Health News Review

Several noteworthy articles in journals today.

In JAMA, a breast cancer specialist, a prostate cancer specialist, and an esophogeal cancer specialist co-authored a Viewpoint article, “Overdiagnosis and Overtreatment in Cancer: An Opportunity for Improvement.” Excerpt:

“In March 2012, the National Cancer Institute convened a meeting to evaluate the problem of “overdiagnosis,” which occurs when tumors are detected that, if left unattended, would not become clinically apparent or cause death. Overdiagnosis, if not recognized, generally leads to overtreatment. This Viewpoint summarizes the recommendations from a working group formed to develop a strategy to improve the current approach to cancer screening and prevention.

Periodic screening programs have the potential to identify a reservoir of indolent tumors. However, cancer is still perceived as a diagnosis with lethal consequences if left untreated.

An ideal screening intervention focuses on detection of disease that will ultimately cause harm, that is more likely to be cured if detected early, and for which curative treatments are more effective in early-stage disease. Going forward, the ability to design better screening programs will depend on the ability to better characterize the biology of the disease detected and to use disease dynamics (behavior over time) and molecular diagnostics that determine whether cancer will be aggressive or indolent to avoid overtreatment. Understanding the biology of individual cancers is necessary to optimize early detection programs and tailor treatments accordingly. The following recommendations were made to the National Cancer Institute for consideration and dissemination.

Physicians, patients, and the general public must recognize that overdiagnosis is common and occurs more frequently with cancer screening. Overdiagnosis, or identification of indolent cancer, is common in breast, lung, prostate, and thyroid cancer. Whenever screening is used, the fraction of tumors in this category increases. By acknowledging this consequence of screening, approaches that mitigate the problem can be tested.

Change cancer terminology based on companion diagnostics. Use of the term “cancer” should be reserved for describing lesions with a reasonable likelihood of lethal progression if left untreated. There are 2 opportunities for change. First, premalignant conditions (eg, ductal carcinoma in situ or high-grade prostatic intraepithelial neoplasia) should not be labeled as cancers or neoplasia, nor should the word “cancer” be in the name. Second, molecular diagnostic tools that identify indolent or low-risk lesions need to be adopted and validated. Another step is to reclassify such cancers as IDLE (indolent lesions of epithelial origin) conditions.  … A multidisciplinary effort across the pathology, imaging, surgical, advocate, and medical communities could be convened by an independent group (eg, the Institute of Medicine) to revise the taxonomy of lesions now called cancer and to create reclassification criteria for IDLE conditions.

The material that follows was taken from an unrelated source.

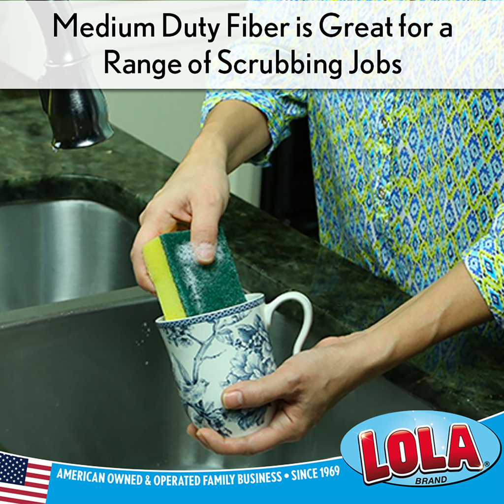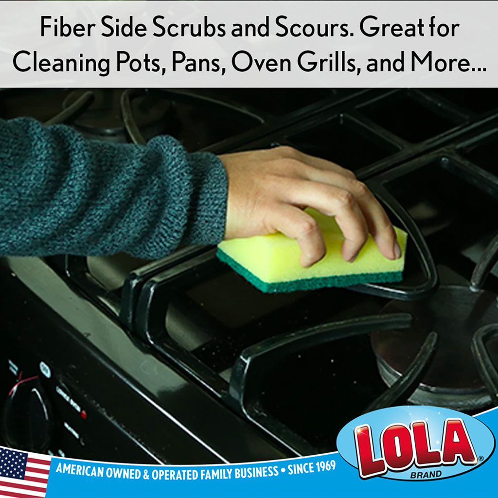 This dual purpose sponge/scourer makes scrubbing and wiping up dishes, etc so easy with one cleaning tool. Lola Brand has been providing high quality but simultaneously affordable cleaning tools for the home since 1969. If you haven't tried LOLA, we ask you give us the opportunity to be your cleaning tools brand into the future, we do all we can to always satisfy our customers.

Mitigate overdiagnosis. Strategies to reduce detection of indolent disease include reducing low-yield diagnostic evaluations appropriately, reducing frequency of screening examinations, focusing screening on high-risk populations, raising thresholds for recall and biopsy, and testing the safety and efficacy of risk-based screening approaches to improve selection of patients for cancer screening. The ultimate goal is to preferentially detect consequential cancer while avoiding detection of inconsequential disease.”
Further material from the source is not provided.